Data items
◆ ◆ ◆

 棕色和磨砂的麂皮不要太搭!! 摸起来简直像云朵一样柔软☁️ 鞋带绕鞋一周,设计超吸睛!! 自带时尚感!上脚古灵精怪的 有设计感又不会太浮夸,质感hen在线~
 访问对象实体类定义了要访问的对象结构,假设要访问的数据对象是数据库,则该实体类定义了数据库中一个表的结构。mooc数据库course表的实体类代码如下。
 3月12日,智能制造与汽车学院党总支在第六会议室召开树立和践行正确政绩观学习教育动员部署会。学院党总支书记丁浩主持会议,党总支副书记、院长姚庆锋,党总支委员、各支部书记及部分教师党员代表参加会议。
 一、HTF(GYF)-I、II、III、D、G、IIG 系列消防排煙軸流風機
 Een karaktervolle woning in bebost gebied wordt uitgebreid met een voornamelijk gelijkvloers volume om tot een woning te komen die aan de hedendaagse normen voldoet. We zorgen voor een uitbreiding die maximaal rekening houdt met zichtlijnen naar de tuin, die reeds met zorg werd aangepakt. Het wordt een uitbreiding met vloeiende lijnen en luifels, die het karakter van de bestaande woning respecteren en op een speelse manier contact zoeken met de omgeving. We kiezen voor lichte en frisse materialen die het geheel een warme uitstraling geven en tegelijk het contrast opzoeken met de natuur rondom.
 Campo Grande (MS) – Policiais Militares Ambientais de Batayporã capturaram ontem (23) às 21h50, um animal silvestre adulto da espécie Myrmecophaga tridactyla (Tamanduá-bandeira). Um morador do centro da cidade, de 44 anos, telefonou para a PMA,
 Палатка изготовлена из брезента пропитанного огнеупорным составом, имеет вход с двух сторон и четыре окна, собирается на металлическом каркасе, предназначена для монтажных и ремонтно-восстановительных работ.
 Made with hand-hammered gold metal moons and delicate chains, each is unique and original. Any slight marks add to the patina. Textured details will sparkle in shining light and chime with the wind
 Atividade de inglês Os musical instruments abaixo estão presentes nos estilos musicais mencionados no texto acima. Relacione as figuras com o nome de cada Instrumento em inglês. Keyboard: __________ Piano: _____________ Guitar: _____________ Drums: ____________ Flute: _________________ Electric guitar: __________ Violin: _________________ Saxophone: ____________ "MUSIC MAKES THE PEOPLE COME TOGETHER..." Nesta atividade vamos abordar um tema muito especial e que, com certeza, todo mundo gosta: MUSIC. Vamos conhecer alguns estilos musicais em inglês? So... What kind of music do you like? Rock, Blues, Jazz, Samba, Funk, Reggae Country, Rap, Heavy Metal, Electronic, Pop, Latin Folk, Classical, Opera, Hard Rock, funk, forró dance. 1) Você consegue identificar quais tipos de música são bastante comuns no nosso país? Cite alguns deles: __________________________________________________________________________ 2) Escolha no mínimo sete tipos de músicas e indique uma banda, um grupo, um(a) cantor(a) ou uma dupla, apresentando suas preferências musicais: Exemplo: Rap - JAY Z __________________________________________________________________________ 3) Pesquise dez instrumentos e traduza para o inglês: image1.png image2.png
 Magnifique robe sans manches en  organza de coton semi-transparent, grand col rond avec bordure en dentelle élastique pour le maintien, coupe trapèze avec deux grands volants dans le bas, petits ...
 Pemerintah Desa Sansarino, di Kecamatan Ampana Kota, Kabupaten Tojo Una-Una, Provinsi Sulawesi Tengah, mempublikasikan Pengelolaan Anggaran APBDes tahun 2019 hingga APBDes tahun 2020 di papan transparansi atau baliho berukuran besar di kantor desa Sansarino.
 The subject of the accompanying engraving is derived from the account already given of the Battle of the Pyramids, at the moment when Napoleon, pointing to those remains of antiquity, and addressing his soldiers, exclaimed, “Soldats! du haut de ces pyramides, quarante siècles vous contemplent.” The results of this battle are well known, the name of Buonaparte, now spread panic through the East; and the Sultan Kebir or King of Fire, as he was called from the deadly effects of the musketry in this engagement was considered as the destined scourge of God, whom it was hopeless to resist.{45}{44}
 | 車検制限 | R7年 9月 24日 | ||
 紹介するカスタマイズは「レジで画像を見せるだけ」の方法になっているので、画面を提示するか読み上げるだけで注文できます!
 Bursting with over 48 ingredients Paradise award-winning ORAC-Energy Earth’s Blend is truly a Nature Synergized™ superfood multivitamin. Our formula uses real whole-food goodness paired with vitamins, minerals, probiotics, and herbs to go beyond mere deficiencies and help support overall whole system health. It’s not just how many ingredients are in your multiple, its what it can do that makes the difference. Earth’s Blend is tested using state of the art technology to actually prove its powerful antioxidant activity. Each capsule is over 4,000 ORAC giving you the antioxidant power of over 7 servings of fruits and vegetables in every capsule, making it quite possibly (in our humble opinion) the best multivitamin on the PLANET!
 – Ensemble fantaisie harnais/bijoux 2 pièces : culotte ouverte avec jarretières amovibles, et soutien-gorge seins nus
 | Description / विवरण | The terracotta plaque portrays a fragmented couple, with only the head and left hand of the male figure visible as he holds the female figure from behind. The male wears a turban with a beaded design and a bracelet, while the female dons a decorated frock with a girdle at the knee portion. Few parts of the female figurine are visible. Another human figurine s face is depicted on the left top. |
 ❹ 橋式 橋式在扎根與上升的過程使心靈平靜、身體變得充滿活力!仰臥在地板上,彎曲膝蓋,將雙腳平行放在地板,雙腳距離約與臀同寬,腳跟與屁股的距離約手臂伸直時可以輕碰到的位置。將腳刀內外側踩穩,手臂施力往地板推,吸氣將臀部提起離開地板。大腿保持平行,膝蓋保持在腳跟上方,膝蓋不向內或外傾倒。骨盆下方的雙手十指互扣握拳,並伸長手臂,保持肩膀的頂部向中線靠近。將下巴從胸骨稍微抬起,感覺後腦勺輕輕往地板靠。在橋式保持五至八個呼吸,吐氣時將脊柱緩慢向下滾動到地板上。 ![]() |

◆ ◆ ◆

Transcribe every entry exactly.

 棕色和磨砂的麂皮不要太搭!! 摸起来简直像云朵一样柔软☁️ 鞋带绕鞋一周,设计超吸睛!! 自带时尚感!上脚古灵精怪的 有设计感又不会太浮夸,质感hen在线~
 访问对象实体类定义了要访问的对象结构,假设要访问的数据对象是数据库,则该实体类定义了数据库中一个表的结构。mooc数据库course表的实体类代码如下。
 3月12日,智能制造与汽车学院党总支在第六会议室召开树立和践行正确政绩观学习教育动员部署会。学院党总支书记丁浩主持会议,党总支副书记、院长姚庆锋,党总支委员、各支部书记及部分教师党员代表参加会议。
 一、HTF(GYF)-I、II、III、D、G、IIG 系列消防排煙軸流風機
 Een karaktervolle woning in bebost gebied wordt uitgebreid met een voornamelijk gelijkvloers volume om tot een woning te komen die aan de hedendaagse normen voldoet. We zorgen voor een uitbreiding die maximaal rekening houdt met zichtlijnen naar de tuin, die reeds met zorg werd aangepakt. Het wordt een uitbreiding met vloeiende lijnen en luifels, die het karakter van de bestaande woning respecteren en op een speelse manier contact zoeken met de omgeving. We kiezen voor lichte en frisse materialen die het geheel een warme uitstraling geven en tegelijk het contrast opzoeken met de natuur rondom.
 Campo Grande (MS) – Policiais Militares Ambientais de Batayporã capturaram ontem (23) às 21h50, um animal silvestre adulto da espécie Myrmecophaga tridactyla (Tamanduá-bandeira). Um morador do centro da cidade, de 44 anos, telefonou para a PMA,
 Палатка изготовлена из брезента пропитанного огнеупорным составом, имеет вход с двух сторон и четыре окна, собирается на металлическом каркасе, предназначена для монтажных и ремонтно-восстановительных работ.
 Made with hand-hammered gold metal moons and delicate chains, each is unique and original. Any slight marks add to the patina. Textured details will sparkle in shining light and chime with the wind
 Atividade de inglês Os musical instruments abaixo estão presentes nos estilos musicais mencionados no texto acima. Relacione as figuras com o nome de cada Instrumento em inglês. Keyboard: __________ Piano: _____________ Guitar: _____________ Drums: ____________ Flute: _________________ Electric guitar: __________ Violin: _________________ Saxophone: ____________ "MUSIC MAKES THE PEOPLE COME TOGETHER..." Nesta atividade vamos abordar um tema muito especial e que, com certeza, todo mundo gosta: MUSIC. Vamos conhecer alguns estilos musicais em inglês? So... What kind of music do you like? Rock, Blues, Jazz, Samba, Funk, Reggae Country, Rap, Heavy Metal, Electronic, Pop, Latin Folk, Classical, Opera, Hard Rock, funk, forró dance. 1) Você consegue identificar quais tipos de música são bastante comuns no nosso país? Cite alguns deles: __________________________________________________________________________ 2) Escolha no mínimo sete tipos de músicas e indique uma banda, um grupo, um(a) cantor(a) ou uma dupla, apresentando suas preferências musicais: Exemplo: Rap - JAY Z __________________________________________________________________________ 3) Pesquise dez instrumentos e traduza para o inglês: image1.png image2.png
 Magnifique robe sans manches en  organza de coton semi-transparent, grand col rond avec bordure en dentelle élastique pour le maintien, coupe trapèze avec deux grands volants dans le bas, petits ...
 Pemerintah Desa Sansarino, di Kecamatan Ampana Kota, Kabupaten Tojo Una-Una, Provinsi Sulawesi Tengah, mempublikasikan Pengelolaan Anggaran APBDes tahun 2019 hingga APBDes tahun 2020 di papan transparansi atau baliho berukuran besar di kantor desa Sansarino.
 The subject of the accompanying engraving is derived from the account already given of the Battle of the Pyramids, at the moment when Napoleon, pointing to those remains of antiquity, and addressing his soldiers, exclaimed, “Soldats! du haut de ces pyramides, quarante siècles vous contemplent.” The results of this battle are well known, the name of Buonaparte, now spread panic through the East; and the Sultan Kebir or King of Fire, as he was called from the deadly effects of the musketry in this engagement was considered as the destined scourge of God, whom it was hopeless to resist.{45}{44}
 | 車検制限 | R7年 9月 24日 | ||
 紹介するカスタマイズは「レジで画像を見せるだけ」の方法になっているので、画面を提示するか読み上げるだけで注文できます!
 Bursting with over 48 ingredients Paradise award-winning ORAC-Energy Earth’s Blend is truly a Nature Synergized™ superfood multivitamin. Our formula uses real whole-food goodness paired with vitamins, minerals, probiotics, and herbs to go beyond mere deficiencies and help support overall whole system health. It’s not just how many ingredients are in your multiple, its what it can do that makes the difference. Earth’s Blend is tested using state of the art technology to actually prove its powerful antioxidant activity. Each capsule is over 4,000 ORAC giving you the antioxidant power of over 7 servings of fruits and vegetables in every capsule, making it quite possibly (in our humble opinion) the best multivitamin on the PLANET!
 – Ensemble fantaisie harnais/bijoux 2 pièces : culotte ouverte avec jarretières amovibles, et soutien-gorge seins nus
 | Description / विवरण | The terracotta plaque portrays a fragmented couple, with only the head and left hand of the male figure visible as he holds the female figure from behind. The male wears a turban with a beaded design and a bracelet, while the female dons a decorated frock with a girdle at the knee portion. Few parts of the female figurine are visible. Another human figurine s face is depicted on the left top. |
 ❹ 橋式 橋式在扎根與上升的過程使心靈平靜、身體變得充滿活力!仰臥在地板上,彎曲膝蓋,將雙腳平行放在地板,雙腳距離約與臀同寬,腳跟與屁股的距離約手臂伸直時可以輕碰到的位置。將腳刀內外側踩穩,手臂施力往地板推,吸氣將臀部提起離開地板。大腿保持平行,膝蓋保持在腳跟上方,膝蓋不向內或外傾倒。骨盆下方的雙手十指互扣握拳,並伸長手臂,保持肩膀的頂部向中線靠近。將下巴從胸骨稍微抬起,感覺後腦勺輕輕往地板靠。在橋式保持五至八個呼吸,吐氣時將脊柱緩慢向下滾動到地板上。 ![]() |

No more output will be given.